_Problem:_
Pictures do not belong in the output. Reproduce exactly the lines from the start of the records through the line with "Pensando na sustentabilidade, enviamos".

_Saved entries:_
# # # # # # #

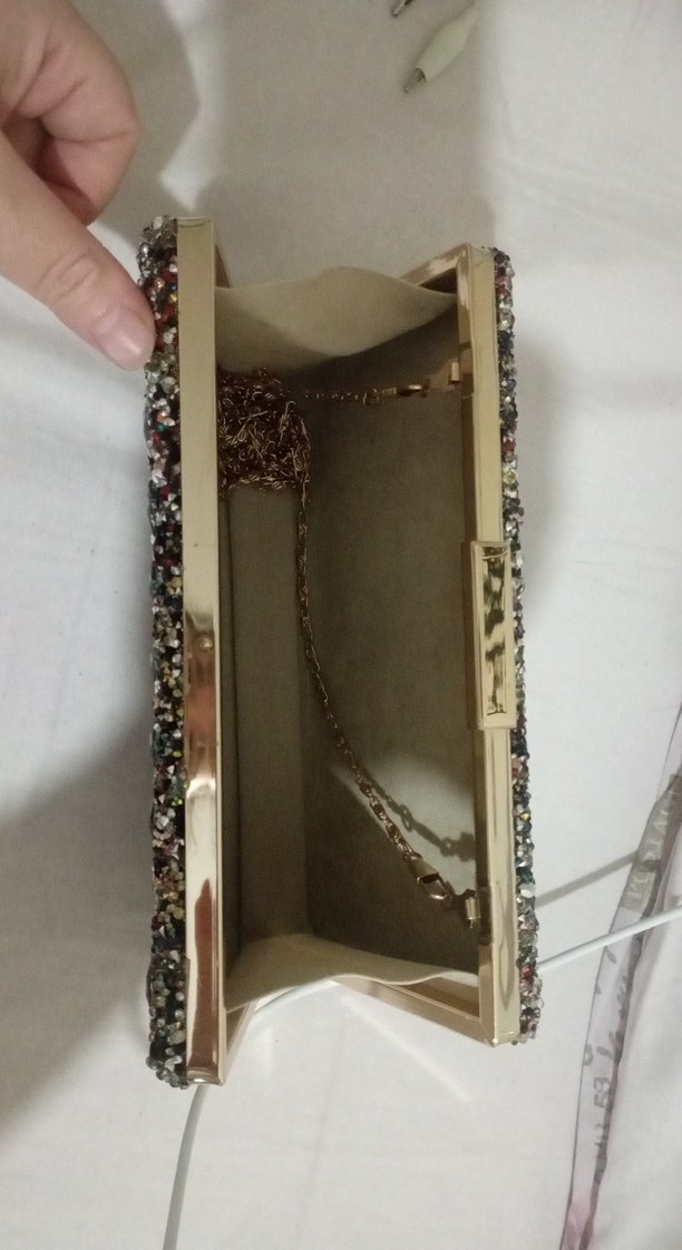 Bu kadın portföy çanta, koyu çok renkli payetler ve işlemeli desenlerle sentetik kumaştan yapılmıştır. Bohem tarzı ve gösterişli düğünler için uygundur.
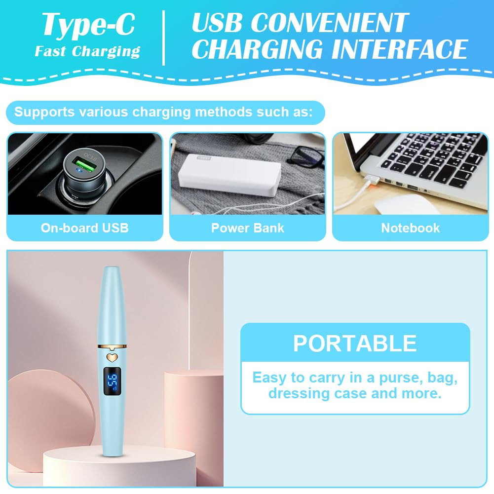 Dimensiunea compactă și designul portabil al dispozitivului permit transportul ușor, fiind perfect pentru călătorii sau pentru rutina zilnică de înfrumusețare. Bateria încorporată de 500mAh oferă o autonomie de până la 30 de zile, eliminând nevoia încărcărilor frecvente.
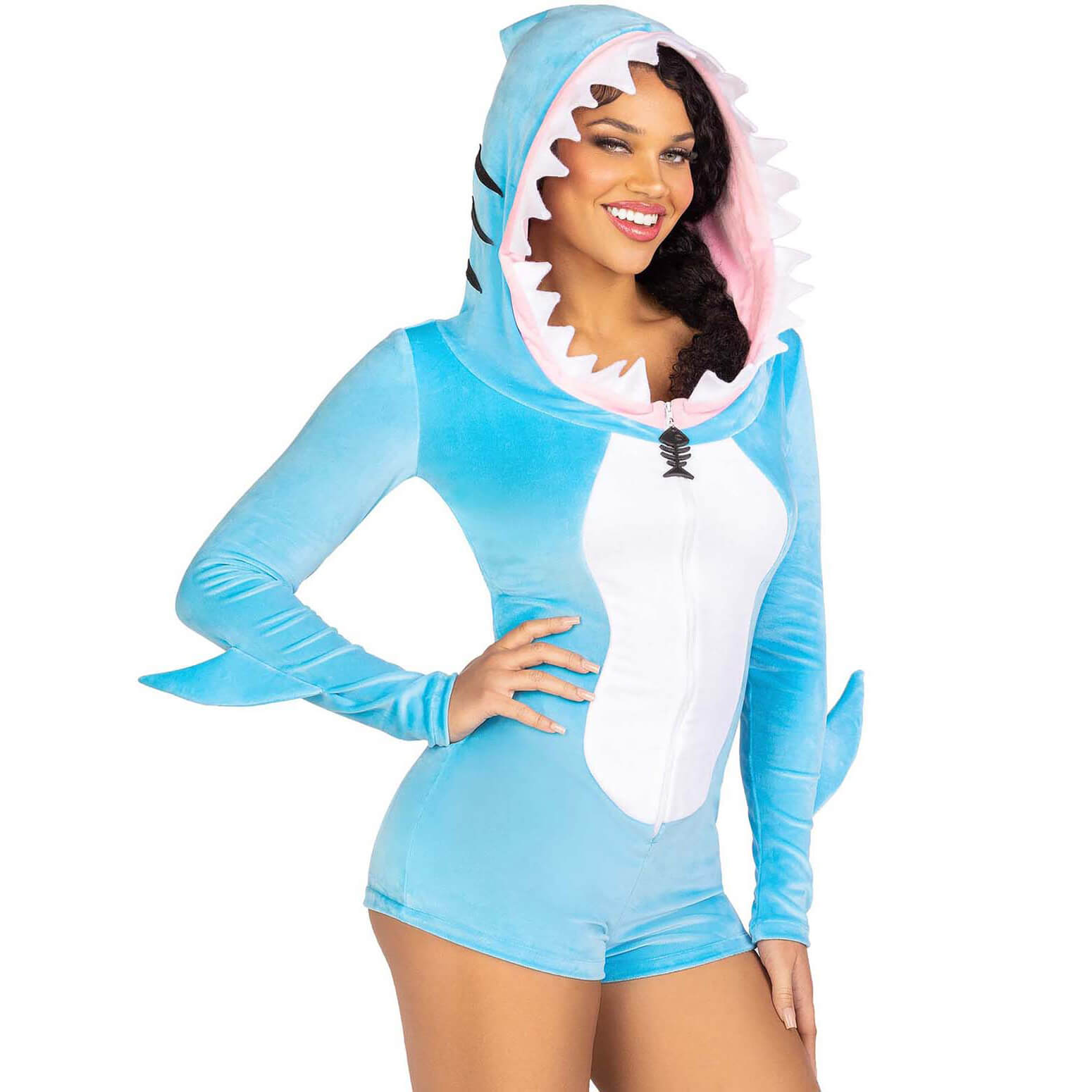 Wassertier Fisch Hai Kostüm Overall kurz COMFY SHARK türkis-weiß – (ARTIKEL/REFERNZ: 714718568201/LA87184XS-714718568171/LA87184S-714718568188/LA87184M-714718568195/LA87184L – Kategorie/Suche: – Hersteller: Leg Avenue Europe)
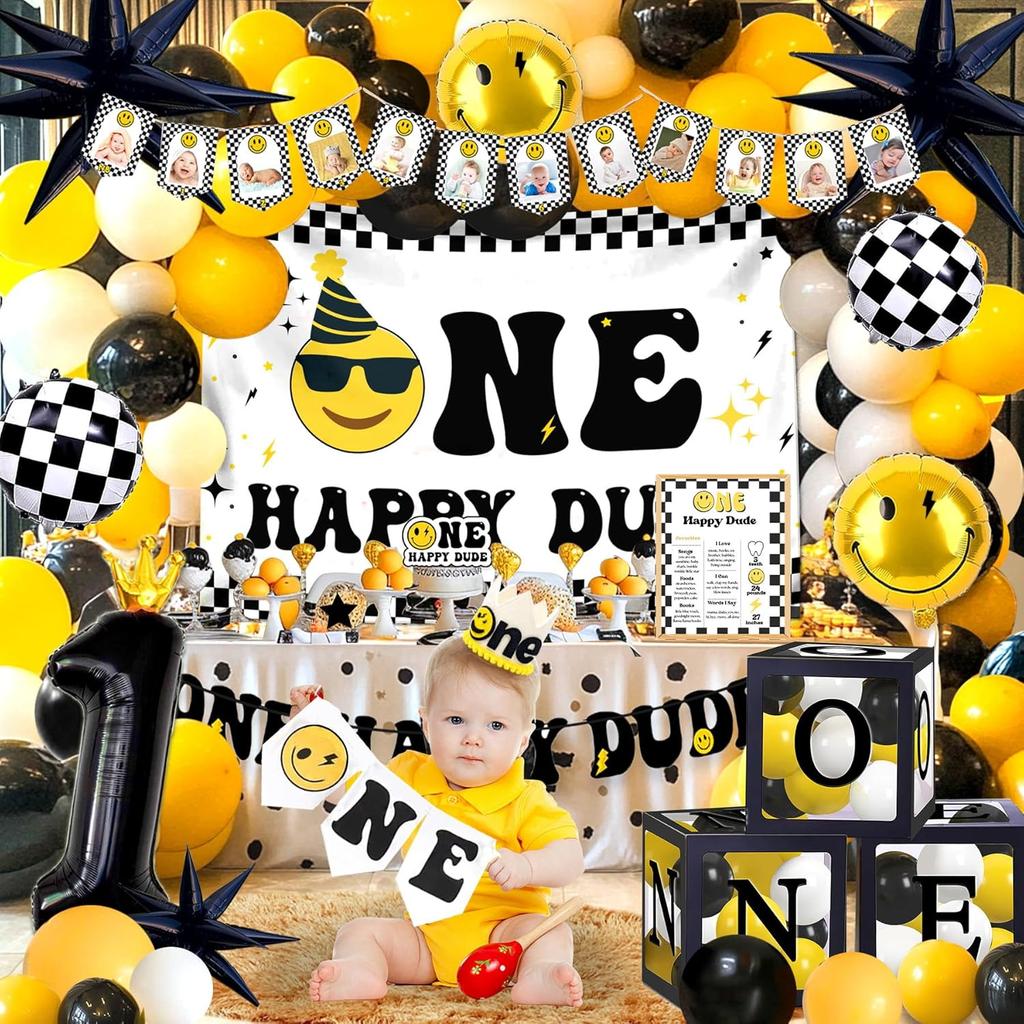 All -in One! One Happy Dude Birthday Decorations include:1 felt happy dude banner, 1 birthday crown, 1 cake topper, 1 high chair banner, 1 backdrop, 1 monthly photo banner, 1 milestone poster,1set balloons boxes, number 1 foil balloon, 2 s star burst foil balloons, 2 yellow foil balloons, 2 checker foil balloons, 90 latex balloons.
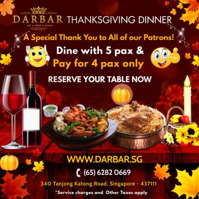 Celebrate Thanksgiving at #Darbar. Dine with 5 pax and pay for 4 pax only, it's ...
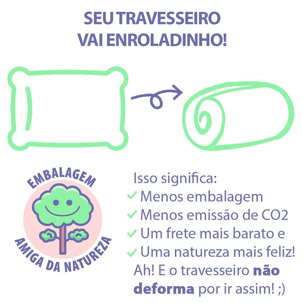 Pensando na sustentabilidade, enviamos seu travesseiro enroladinho. É usado menos embalagens e não ocupa espaço no caminhão, que consequentemente diminui a emissão de CO2, polui menos e o frete sai bem mais barato. A natureza agradece né? Ah, e o travesseiro não deforma por ser embalado dessa forma, ok? Bons sonhos
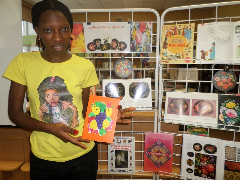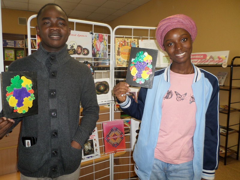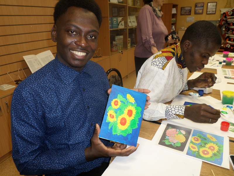 Будущих студентов познакомили с удивительным русским народным промыслом – жостовской декоративной росписью кованых металлических (жестяных) подносов, день чествования которого отмечают 18 марта. Молодые люди познакомились с историей этого удивительного искусства, где на черном фоне расцветают пышные садовые и полевые цветы. В нашей творческой мастерской каждый из молодых ребят расписывал свое изделие из дерева, стараясь передать изящество жостовского букета или фруктово-цветочной композиции. Молодые люди из стран африканского континента, изучающие русский язык и нашу культуру, получили массу положительных эмоций, ведь жостовские узоры вдохновляют красотой и дарят настроение, а еще помогают лучше узнать, понять нашу страну и воспитывают уважение к традициям нашего многонационального народа. В рамках мероприятия звучали классические и русские народные песни, была подготовлена выставка-экспозиция «Жостовский букет».
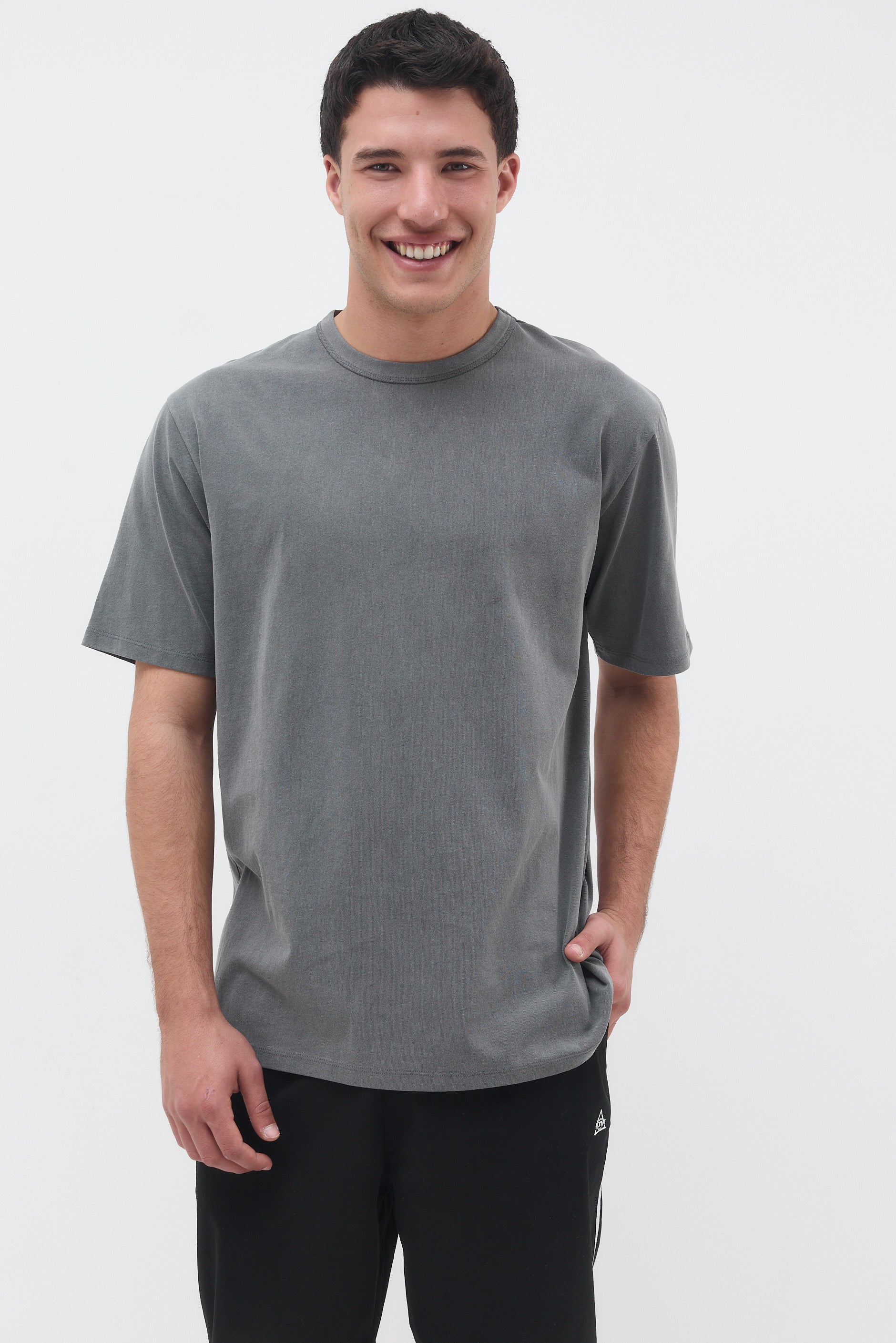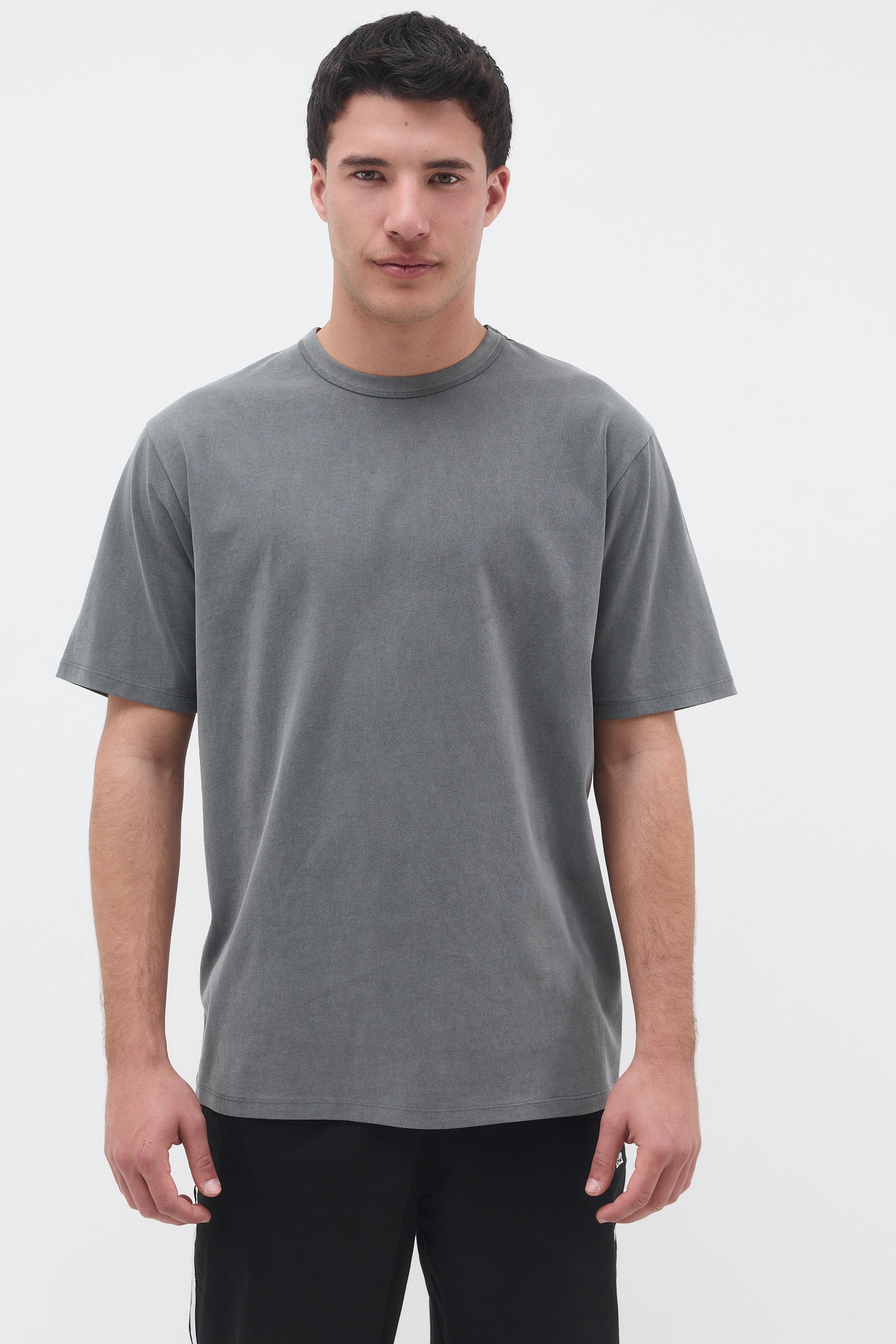 חולצה טי מפיין ריב, תיפורים מודגשים, בגזרה ישרה עם צווארון עגול

# # # # # # #

_Written response:_
 Bu kadın portföy çanta, koyu çok renkli payetler ve işlemeli desenlerle sentetik kumaştan yapılmıştır. Bohem tarzı ve gösterişli düğünler için uygundur.
 Dimensiunea compactă și designul portabil al dispozitivului permit transportul ușor, fiind perfect pentru călătorii sau pentru rutina zilnică de înfrumusețare. Bateria încorporată de 500mAh oferă o autonomie de până la 30 de zile, eliminând nevoia încărcărilor frecvente.
 Wassertier Fisch Hai Kostüm Overall kurz COMFY SHARK türkis-weiß – (ARTIKEL/REFERNZ: 714718568201/LA87184XS-714718568171/LA87184S-714718568188/LA87184M-714718568195/LA87184L – Kategorie/Suche: – Hersteller: Leg Avenue Europe)
 All -in One! One Happy Dude Birthday Decorations include:1 felt happy dude banner, 1 birthday crown, 1 cake topper, 1 high chair banner, 1 backdrop, 1 monthly photo banner, 1 milestone poster,1set balloons boxes, number 1 foil balloon, 2 s star burst foil balloons, 2 yellow foil balloons, 2 checker foil balloons, 90 latex balloons.
 Celebrate Thanksgiving at #Darbar. Dine with 5 pax and pay for 4 pax only, it's ...
 Pensando na sustentabilidade, enviamos seu travesseiro enroladinho. É usado menos embalagens e não ocupa espaço no caminhão, que consequentemente diminui a emissão de CO2, polui menos e o frete sai bem mais barato. A natureza agradece né? Ah, e o travesseiro não deforma por ser embalado dessa forma, ok? Bons sonhos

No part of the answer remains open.